The debate about whether technology is destroying jobs “has been around for hundreds of years,” said the Google boss. What is different is the speed of change.
“It’s the same that happened to the people who lost their farming jobs when the tractor came… but ultimately a globalised solution means more equality for everyone.”
Everyone has a voice
With one of the main topics at this year’s World Economic Forum being how to share out the fruits of global growth, the tech barons stressed that the greater connectivity offered by their companies ultimately helps reduce inequalities.
“There will be so many sensors, so many devices, that you won’t even sense it, it will be all around you.”
“Are the spoils of tech being evenly spread? That is an issue that we have to tackle head on,” said Satya Nadella, chief executive of Microsoft.
“I’m optimistic, there’s no question. If you are in the tech business, you have to be optimistic. Ultimately to me, it’s about human capital. Tech empowers humans to do great things.”
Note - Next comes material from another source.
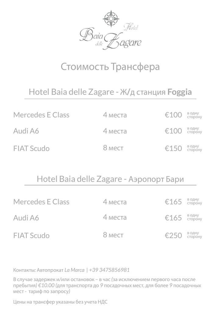 Стоимость Трансфера Hotel Baia delle Zagare - Ж/д станция Foggia Mercedes E Class 4 места €100 в одну сторону Audi A6 4 места €100 в одну сторону FIAT Scudo 8 мест €150 в одну сторону Hotel Baia delle Zagare - Аэропорт Бари Mercedes E Class 4 места €165 в одну сторону Audi A6 4 места €165 в одну сторону FIAT Scudo 8 мест €250 в одну сторону Контакты: Автопрокат La Marca | +39 3475856981 В случае задержек и/или остановок – в час (за исключением первого часа после пребытия) €10.00 (для транспорта до 9 посадочных мест, для более 9 посадочных мест - тариф по запросу) Цены на транcфер указаны без учета НДС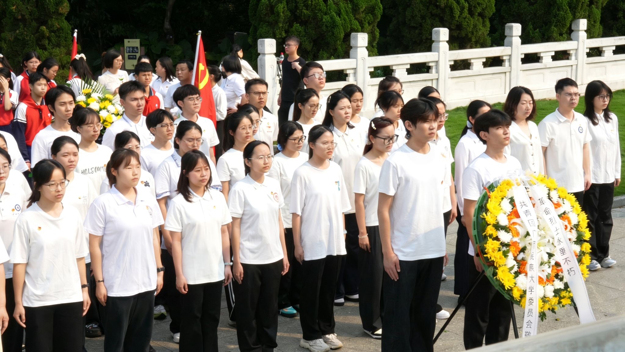 清晨的阳光洒落碑前,师生们肃然列队。敬献花圈,整理缎带,深深鞠躬,全体垂首默哀三分钟。春风不语,哀思绵长。

Facebook boss Sandberg said the internet in its early forms was “all about anonymity” but now everyone was sharing everything and everyone was visible.
“Now everyone has a voice… now everyone can post, everyone can share and that gives a voice to people who have historically not had it,” she said.
Schmidt, who said he had recently come back from the reclusive state of North Korea, said he believed that technology forced potentially despotic and hermetic governments to open up as their citizens acquired more knowledge about the outside world.
“It is no longer possible for a country to step out of basic assumptions in banking, communications, morals and the way people communicate,” the Google boss said.
“You cannot isolate yourself any more. It simply doesn’t work.”
Nevertheless, Sandberg told the assembled elites that even the current pace of change was only the tip of the iceberg.
“Today, only 40 per cent of people have internet access,” she said, adding: “If we can do all this with 40 per cent, imagine what we can do with 50, 60, 70 per cent.”
Even two decades into the global spread of the internet, the potential for opening up and growth was tremendous, she stressed.
“Sixty per cent of the internet is in English. If that doesn’t tell you how uninclusive the internet is, then nothing will,” said the tycoon.
The World Economic Forum brings together some 2500 of the top movers and shakers in the worlds of politics, business and finance for a four-day meeting that ends on Saturday.